Similarly, the reactionary nature of nationalism and chauvinism must be a constant theme of our message to the working class. Nationalism and chauvinism are used to divide workers within individual countries, and across borders. Proletarian internationalism is more important than ever. The far right in places like France have taken advantage of the collapse of the neo-liberal model and the implementation of so-called austerity to paint themselves as on the side of the workers, as the opponents of capitalism. We know this is a lie, and we know where this lie can lead. The presence of fascists in government in Europe for the first time in decades, the rise of neo-Nazi movements in Greece, Hungary, Ukraine and elsewhere, the murderous attacks on immigrants and anti-fascists form other reminders. Particularly vile, and particularly destructive of class consciousness, is the twinning of nationalism with religious identity. The imperialist mantra of “divide and rule” is alive and well in the world today, as a mere glance at the Middle East, India, and parts of Africa will confirm. The national bourgeoisie as well as imperialist powers benefit from this process and the damage it wreaks upon the workers’ movement. There are fewer greater impediments to progressive politics and to the communist cause.

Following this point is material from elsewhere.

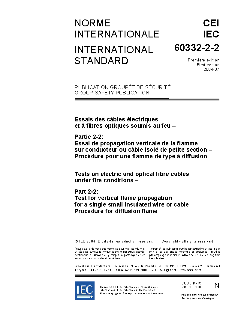 IEC 60332-2-2:2004 Specifies the procedure for testing the resistance to vertical flame propagation for a single small vertical electrical insulated conductor or cable, or optical cable, under fire conditions. The apparatus is given in IEC 60332-2-1. This standard gives the procedure for testing small optical fibre cables or a small insulated conductor or cable when the method specified in IEC 60332-1-2 is not suitable because some small optical fibre cables may break or small conductors may melt during the application of the flame. The recommended range of application is for the testing of small single insulated conductors or cables of less than 0,5 mm² cross-section. NOTE Since the use of insulated conductor or cable which retards flame propagation and complies with the recommended requirements of this standard is not sufficient by itself to prevent propagation of fire under all conditions of installation, it is recommended that wherever the risk of propagation is high, for example, in long vertical runs of bunches of cables, special installation precautions should also be taken. It cannot be assumed that because the sample of cable complies with the performance requirements recommended in this standard, that a bunch of cables will behave in a similar manner. (See IEC 60332-3 series.) Recommended requirements for performance are given in Annex A.
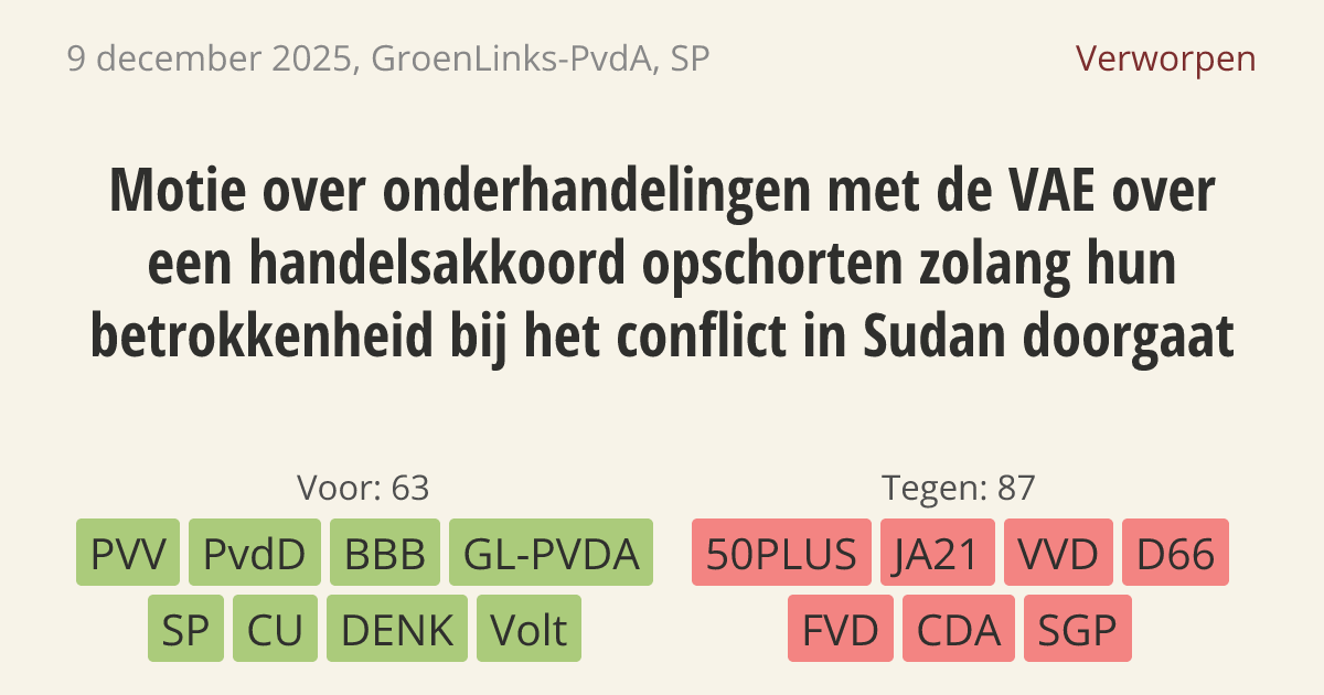 Het kabinet moet de onderhandelingen over een nieuw EU-handelsakkoord met de Verenigde Arabische Emiraten laten stopzetten. Dit land levert wapens aan de RSF-militie en smokkelt goud in Sudan. Daarmee dragen de Emiraten bij aan ernstige schendingen van mensenrechten. Opschorting van het handelsverdrag is nodig om veilige vluchtroutes en hulp voor burgers in Sudan af te dwingen.

Today, a century after World War One, imperialism continues to mean war. As the old imperialist centres decline and new ones rise, inter-imperialist rivalry grows sharper. The competition for control of resources from oil to gold to water will continue to cause friction among the imperialist powers, which will use every means at their disposal to ensure these resources are deployed for private profit. It is likely to continue to produce wars, especially attacks by imperialist blocs against small but resource-rich countries. Regional but limited war among the major imperialist centres cannot be ruled out in the coming years and decades. As a century ago, the imperialists will turn to nationalism and chauvinism, including racism and religious and ethnic sectarianism, to divide and weaken the workers’ movement. As a century ago, they will be aided by the betrayals of social democracy.

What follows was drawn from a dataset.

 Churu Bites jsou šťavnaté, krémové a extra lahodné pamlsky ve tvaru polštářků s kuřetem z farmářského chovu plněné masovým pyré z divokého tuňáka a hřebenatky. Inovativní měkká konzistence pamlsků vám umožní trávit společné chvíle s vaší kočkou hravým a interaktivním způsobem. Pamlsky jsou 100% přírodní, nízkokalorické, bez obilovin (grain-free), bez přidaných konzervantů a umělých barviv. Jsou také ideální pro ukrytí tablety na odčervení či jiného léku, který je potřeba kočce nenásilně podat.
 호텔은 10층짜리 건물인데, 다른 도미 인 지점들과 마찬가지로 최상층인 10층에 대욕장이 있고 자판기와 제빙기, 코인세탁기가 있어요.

The EU, in common with the G8, serves the interests of big capital and the monopolies. It collaborates with the US and NATO. The attacks on social and economic conditions, the impoverishment of working people, the increased power of the monopolies is evidence of the anti-people political line of the EU and its member states. All G8 member states, with the exception of Russia and Japan are members of NATO. Japan collaborates closely with the US in its plans for the Asia-Pacific region.

And yet, in the midst of the crisis of capitalism, the profits of the war industries expand. Military expenditure increases. Most recently, the dangerous developments in Ukraine and Syria, where the hand of imperialism is clearly visible, underlines the threat imperialism poses to peace. As long as capitalism exists we will live with the constant threat of war. Capitalism can offer no solutions to the problems of the working class. It is the cause of those problems. Socialism is the only alternative which offers a solution.

The Communist and Workers’ Parties must constantly struggle to combat opportunist and chauvinist influences in the workers’ movement, to raise class consciousness and promote class solidarity and proletarian internationalism, to strengthen the struggle against imperialism in every country, to demand the dissolution of NATO, to challenge oppression and exploitation, to reject imperialist intervention and war, and to struggle ceaselessly for the overthrow of capitalism and the triumph of socialism.